The EORTC, with the support of Armonea, has launched a study which includes translational research in order to improve prognostic tools and assist in making treatment decisions for elderly patients with cancer who live in nursing homes in Belgium within the Armonea network. This prospective observational study, EORTC 1221, is coordinated by the EORTC Cancer in Elderly Task Force.
There is surprisingly limited data available on the diagnosis and care patterns of elderly patients with cancer, and this lack of information can adversely affect clinical decisions as well as the appropriateness of prescribed treatments. EORTC 1221 has been initiated to collect this much needed information and will include patients aged 65 years or older living in nursing homes with either a suspicion or diagnosis of cancer.
Dr. Hans Wildiers of the University Hospitals Leuven, Chair of the EORTC Cancer in the Elderly Task Force, and Coordinator of this study says, “The incidence of cancer is much higher in the elderly, yet the approach towards this frequent disease in older people is an extremely poorly studied area. Elderly patients are underrepresented in cancer clinical trials. Consequently, it is hard to form evidence-based clinical recommendations for elderly patients in everyday clinical practice, and so, for older individuals living in nursing homes, we expect to find a conservative, palliative treatment in the majority of cases. Such treatment might be justified in some cases, but it could also be considered ‘undertreatment’ in others where quality of life could be improved given adequate diagnostic and therapeutic actions.”
Dr. Maryska Janssen Heijnen of the VieCuri Medical Centre in Venlo, The Netherlands, and Coordinator of this study adds, “This prospective observational study seeks to open the discussion on this delicate issue starting with a solid and extensive description of the present situation. We hope that clinical assessment and biomarker analyses could direct those patients that would derive benefit from a diagnostic and therapeutic approach while at the same time spare these actions for those who would not benefit.”

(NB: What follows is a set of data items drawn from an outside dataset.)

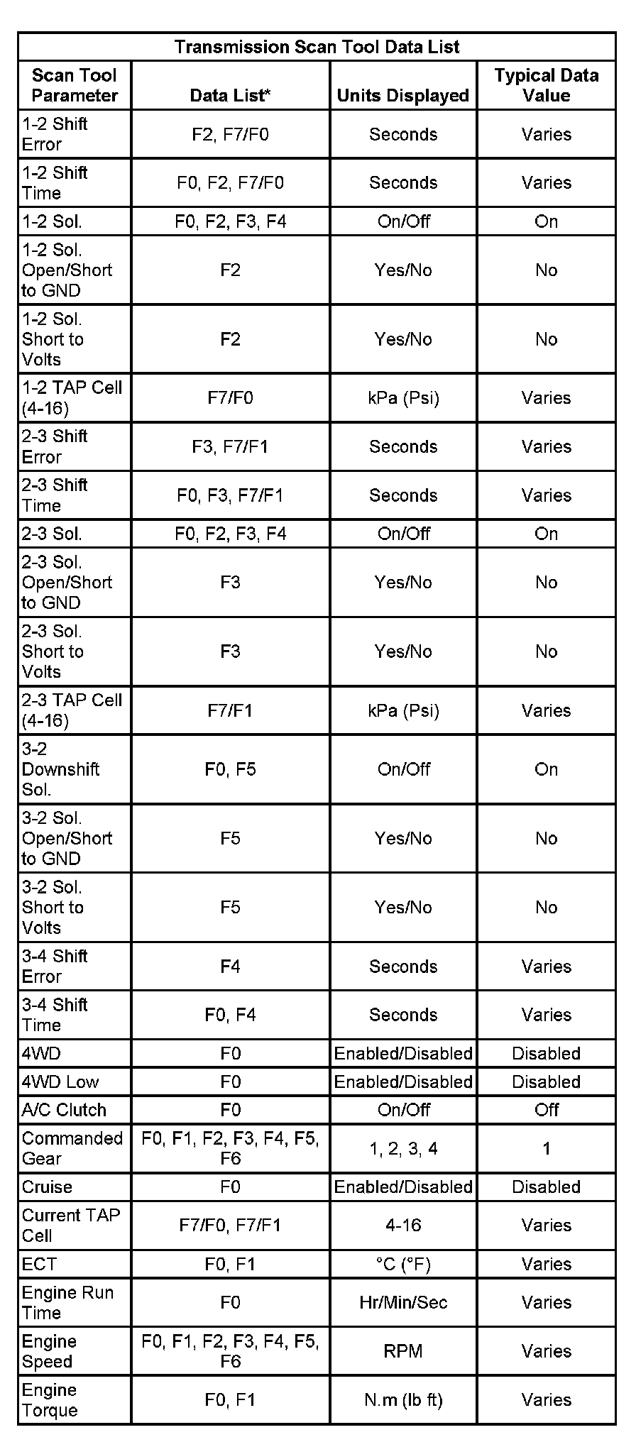Only the parameters listed below are used in this manual for diagnosing. If a scan tool displays other parameters, the values are not recommended by General Motors for use in diagnosis.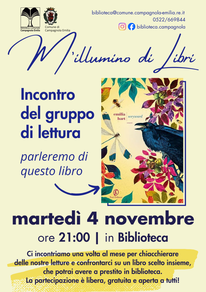 L’ottavo appuntamento per il 2025 del gruppo di lettura “M’illumino di libri” è in programma per martedì 4 novembre, alle 21 in biblioteca, per condividere le impressioni sul libro Weyward, di Emilia Hart, Fazi edizioni.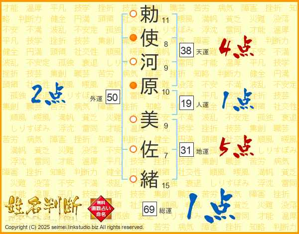 勅(11画)使(8画)河(9画)原(10画) 美(9画)佐(7画)緒(15画)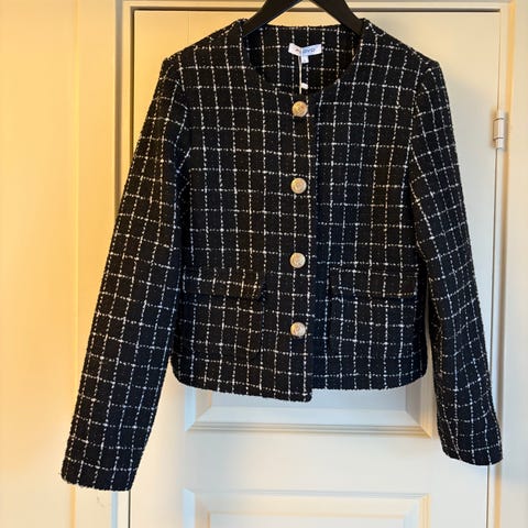 Floyd jakke for dame i størrelse L. Jakken er i svart tweedlignende polyesterstoff med rutemønster i lyse kontrastfarger. Den har lange ermer, rund hals og lukkes med knapper foran. Flere lommer og dekorative knapper foran. Fôret innside i glatt stoff for bedre komfort. Passer som penjakke eller lett ytterjakke til hverdags og mer formelle anledninger.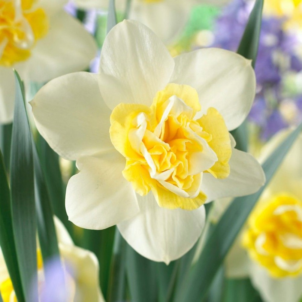 Нарцисс Попай - махровый, многолетний сорт. Цветки необычной формы, с очень приятным и насыщенным ароматом, крупного размера, белого цвета с вытянутой жёлто-белой короной. Луковицы нарциссов среднего размера, отлично приживаются при любых климатических условиях. Растение неприхотливое в выращивании, стебель прямостоячий, крепкий. Нарцисс Попай пользуется особой популярностью в декоративном садоводстве, их используют в озеленении, выращивают в открытом грунте на клумбах.

This EORTC study has two principle objectives. One is to report on referral patterns and motives for non-referral to further oncological assessment and treatment of patients in nursing homes with (a suspicion of) a new or progressive cancer event. It will compare baseline evaluation and outcome of these patients with a control group of nursing home residents without cancer, and, in addition, will compare the diagnosis, treatment and survival patterns of these two cohorts of patients. A second principle objective is to improve prognostic tools for survival including biological markers of ageing to assist in making treatment decisions for these elderly patients with cancer.